# Elddis Sunstyle 180



## archai46 (Sep 7, 2008)

We are thinking of buying an Elddis Sunstyle 180 (the Lowdham "Dealer Special" version of the Autoquest 180). I'd be very interested in any views good or bad from current owners of this or similar models.

Thanks in advance.


----------



## Rosbotham (May 4, 2008)

We've got a Avantgarde 140...slightly shorter version. You lose the front dinette, but have a bigger rear lounge (can sleep longitudinally, whereas I think on the 180 you have to sleep across the van hence someone has to "climb over" to get out of bed).

Overall, we're very happy. Stunning value for money and it's difficult to see exactly where they cut corners versus other manufacturers.

Engine is only 2.2, but I've found that sufficient (inc towing a car). 25-30mpg according to conditions/whether car on back.

If I had to point to any downsides, it would be;

- Water/waste tanks aren't very big...only 40 litres each
- Overcab is a bit pokey (but we only use as storage)
- Design flaw on kitchen tap means it's too easy to turn on when opening sink cover
- Would be nice if toilet/shower was properly waterproofed versus having to rely on curtain.

As with any Peugeot/Fiat based vehicle, water will leak onto engine from windscreen scuttle. There's a fix but it hasn't worked on mine...going back to dealer about it soon. Also the much-mentioned reversing judder if you're unlucky, but I gather Peugeot have a fix and in any case it's not something I've experienced.

We considered the 180 and went for 140, partly driven by length considerations & partly due to availability at the time. With hindsight, we made the right decision...if you're carry kids and need the extra seatbelts, can understand the attraction of the 180 though.


----------



## sirhandel (Mar 5, 2008)

Hi

We bought a 2006 Sunseeker 130 (dealer special of Autoquest 130) in January 2008, and are on the whole very pleased with our MH. We have been out 6 times so far this year (wish it was more but both working full time!) You have to remember that these models are excellent value for money and perhaps not the quality of more expensive MHs. You certainly get a lot for your money. 
We've had a couple of problems that have been resolved satisfactorily:
Exhaust mounting rubbers replaced by dealer
Exhaust manifold flange replaced by Peugeot
To be fixed by dealer next week:
Small leak at joint on freshwater tank
Low water pressure at shower head
These are all problems that you could get with any MH and it is advisable to understand the dealer's warranty commitment (should be 3 years on MH and 3 years on the Peugeot bit) and capability (inspect his workshop). My dealer is West Country Motorhomes and they have been excellent.
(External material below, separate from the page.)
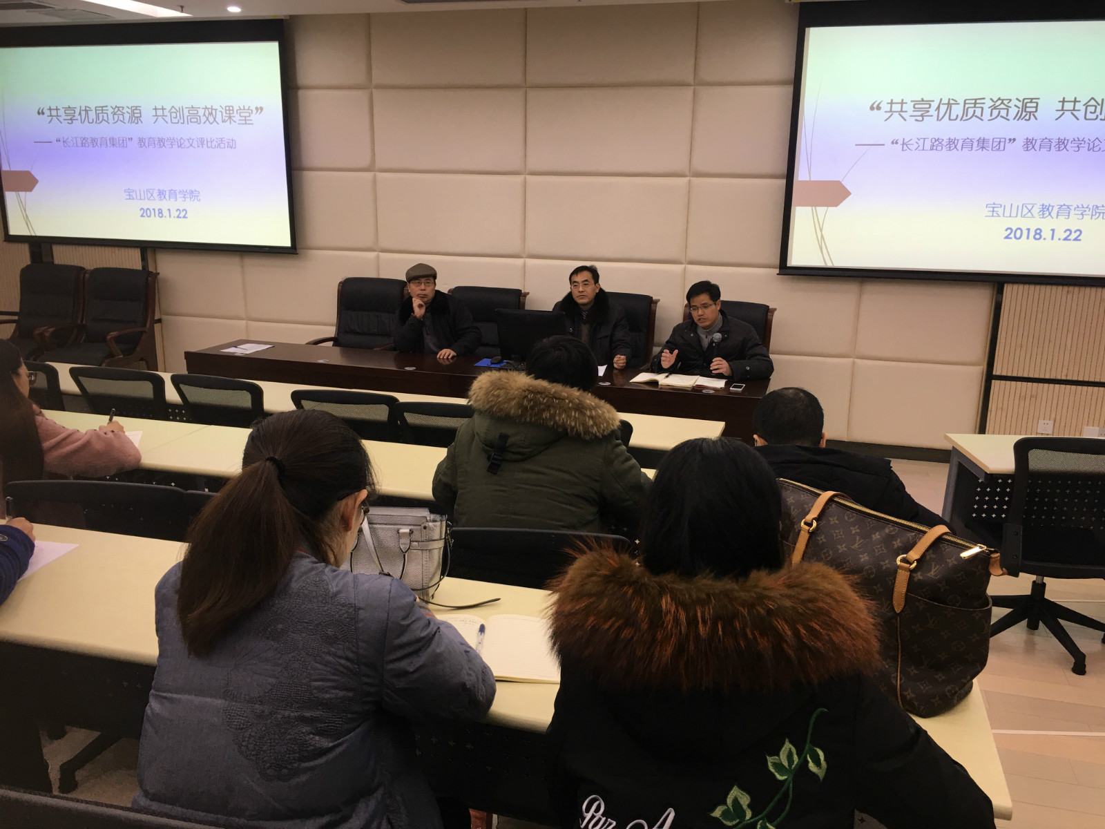 1月22日, “长江路教育集团”在宝山教育学院召开教育教学论文评选备会议。长江路教育集团内的各校领导、教导主任、学科中心组长以及部分教师参加本次会议。

Unfortunately their service workshop is around 30 miles away so we are combining a visit to them with our 7th outing next week. 

Hope you enjoy your purchase

sirhandel


----------



## archai46 (Sep 7, 2008)

Thanks for the comments ... going to ring Lowdhams next week and arrange a test drive I think!


----------



## StAubyns (Jun 4, 2006)

We bought a Lowdhams dealer special on July 1st 2006. Not the Eldiss but the Dethleffs Eurostyle.
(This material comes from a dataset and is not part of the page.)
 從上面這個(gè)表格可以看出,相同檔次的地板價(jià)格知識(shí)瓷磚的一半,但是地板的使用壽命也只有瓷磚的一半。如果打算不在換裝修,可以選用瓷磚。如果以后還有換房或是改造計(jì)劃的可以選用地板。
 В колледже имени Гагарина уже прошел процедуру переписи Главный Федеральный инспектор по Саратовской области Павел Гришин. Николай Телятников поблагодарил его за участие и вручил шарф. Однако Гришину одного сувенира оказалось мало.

We have had NO problems with either the van or Lowdhams and we would definitely go back there if we ever contemplate changing - unlikely


----------



## Rapide561 (Oct 1, 2005)

*Elddis*

Hi

I had a Compass Avantgarde from the same family as the Elddis. All was well.
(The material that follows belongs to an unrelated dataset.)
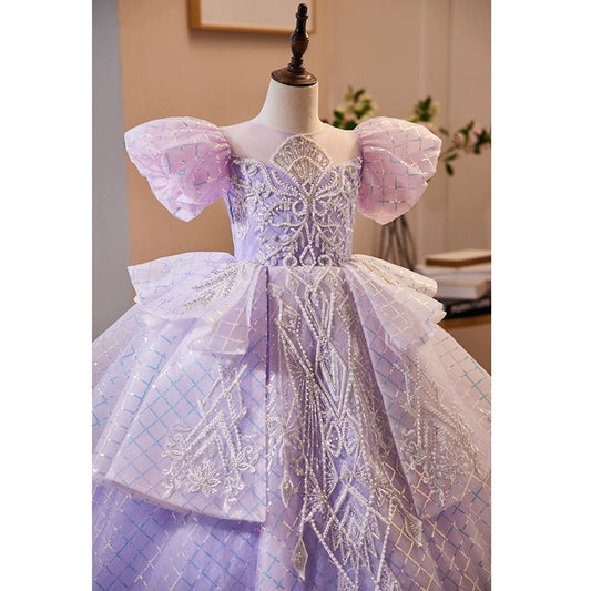 Princess Round Floor Length Organza Flower Girl Dress in Lilac

Are you hoping to buy from Huddersield or Nottingham?

Russell


----------



## archai46 (Sep 7, 2008)

Hi rapide561

We are planning to buy from Nottingham ... however, still not got round to arranging a test drive yet.


----------



## 2cats1dog (Aug 2, 2010)

Hi, 
We had 180 reg 06 it does what it says on the tin. Not the best looker in town, but never had any problems at all. Traded in this year for a Autotrail, biggest mistake we have ever made. We would have our old MH back like a shot. 
Good luck.


----------



## Pollydoodle (Aug 18, 2005)

We bought a Sunstyle 180 in April and we love it. Good basic van. First impressions are that it has a lot of overhead cupboard space, but in the kitchen area there is a lot of height which is wasted, so we added extra shelves ourselves. The cutlery drawer is a bit useless so we have also adapted that :roll: 


The rear lounge can be a bit tight for seating anymore than 4 (it's a 6 berth). There are only 2 of us so we can lie back with our feet up and watch the tv, or have an 'end' each and have our own space

The dining area is airey, but only room to seat 4, but the table is very convenient for food preparation etc and there is another free standing table for the rear lounge.

We tend to have a bed each which gives us plenty of space and only use the overcab for storing bedding & chairs etc or for when we have our g'daughter with us. Despite having to make up the beds with several cushions, they are very comfy

The overcab bed is comfy but the headroom is quite limited and if you are of generous proportions, you may find it difficult to manoevre :roll: 

Washroom has plenty of space, the only thing I dont like is having to use the basin tap as a showerhead, but I mostly use the facilities when on a site.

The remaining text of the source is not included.